▶ _Task data_
§

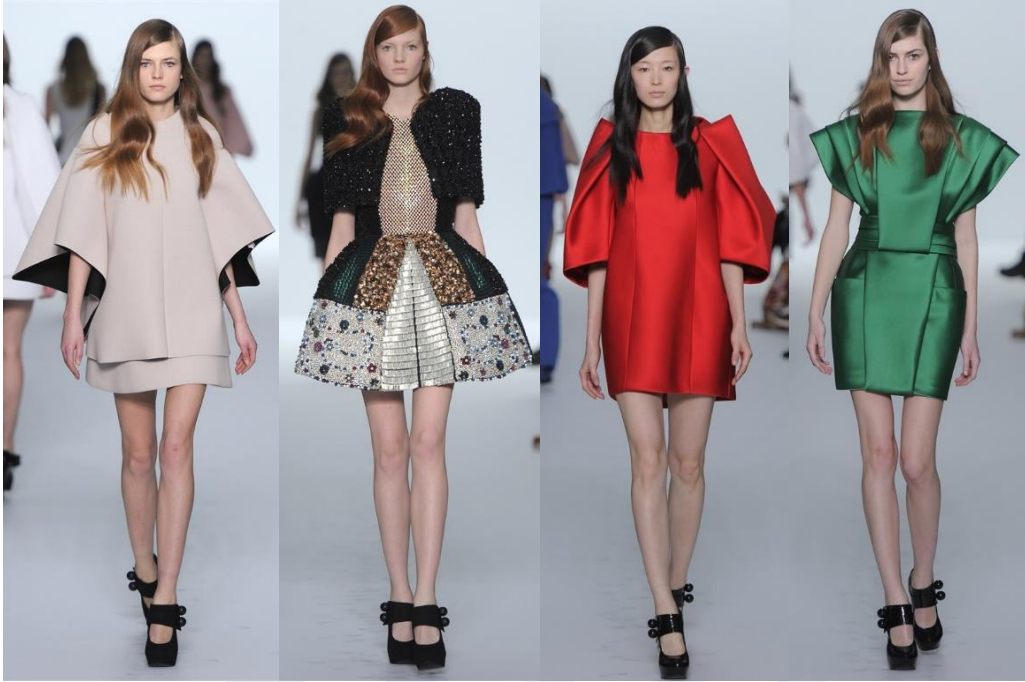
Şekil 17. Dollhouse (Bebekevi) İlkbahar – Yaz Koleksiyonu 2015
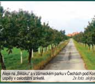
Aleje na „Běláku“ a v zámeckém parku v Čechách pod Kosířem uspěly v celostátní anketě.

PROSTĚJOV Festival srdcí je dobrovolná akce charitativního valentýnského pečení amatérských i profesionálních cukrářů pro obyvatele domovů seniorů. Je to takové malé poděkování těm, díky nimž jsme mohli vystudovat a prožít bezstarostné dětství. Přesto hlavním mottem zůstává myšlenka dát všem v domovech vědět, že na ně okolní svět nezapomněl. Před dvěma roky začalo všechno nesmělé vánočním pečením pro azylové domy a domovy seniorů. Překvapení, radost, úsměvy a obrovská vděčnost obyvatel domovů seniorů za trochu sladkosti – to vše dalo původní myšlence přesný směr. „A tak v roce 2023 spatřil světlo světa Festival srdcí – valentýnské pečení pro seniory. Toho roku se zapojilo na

§

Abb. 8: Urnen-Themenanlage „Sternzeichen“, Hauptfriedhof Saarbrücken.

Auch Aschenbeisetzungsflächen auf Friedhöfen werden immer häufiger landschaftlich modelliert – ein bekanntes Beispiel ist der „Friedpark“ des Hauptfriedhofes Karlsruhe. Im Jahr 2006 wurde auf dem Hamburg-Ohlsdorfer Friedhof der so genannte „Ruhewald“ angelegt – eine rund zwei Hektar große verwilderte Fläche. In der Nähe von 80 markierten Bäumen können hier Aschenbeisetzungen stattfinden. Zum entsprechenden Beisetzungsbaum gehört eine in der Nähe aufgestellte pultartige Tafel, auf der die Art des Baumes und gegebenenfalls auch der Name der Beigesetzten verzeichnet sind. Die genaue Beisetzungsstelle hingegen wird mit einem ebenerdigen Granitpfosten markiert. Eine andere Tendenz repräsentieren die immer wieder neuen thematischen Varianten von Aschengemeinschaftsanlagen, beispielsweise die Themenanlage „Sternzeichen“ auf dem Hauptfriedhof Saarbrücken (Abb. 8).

§

▶ _Your instructions_
With the pictures omitted, copy exactly the lines of the listing above starting at the line containing "Şekil 17. Dollhouse" and ending at the line containing "v celostátní anketě.", both included.

▶ _Solution to the problem_
Şekil 17. Dollhouse (Bebekevi) İlkbahar – Yaz Koleksiyonu 2015
Aleje na „Běláku“ a v zámeckém parku v Čechách pod Kosířem uspěly v celostátní anketě.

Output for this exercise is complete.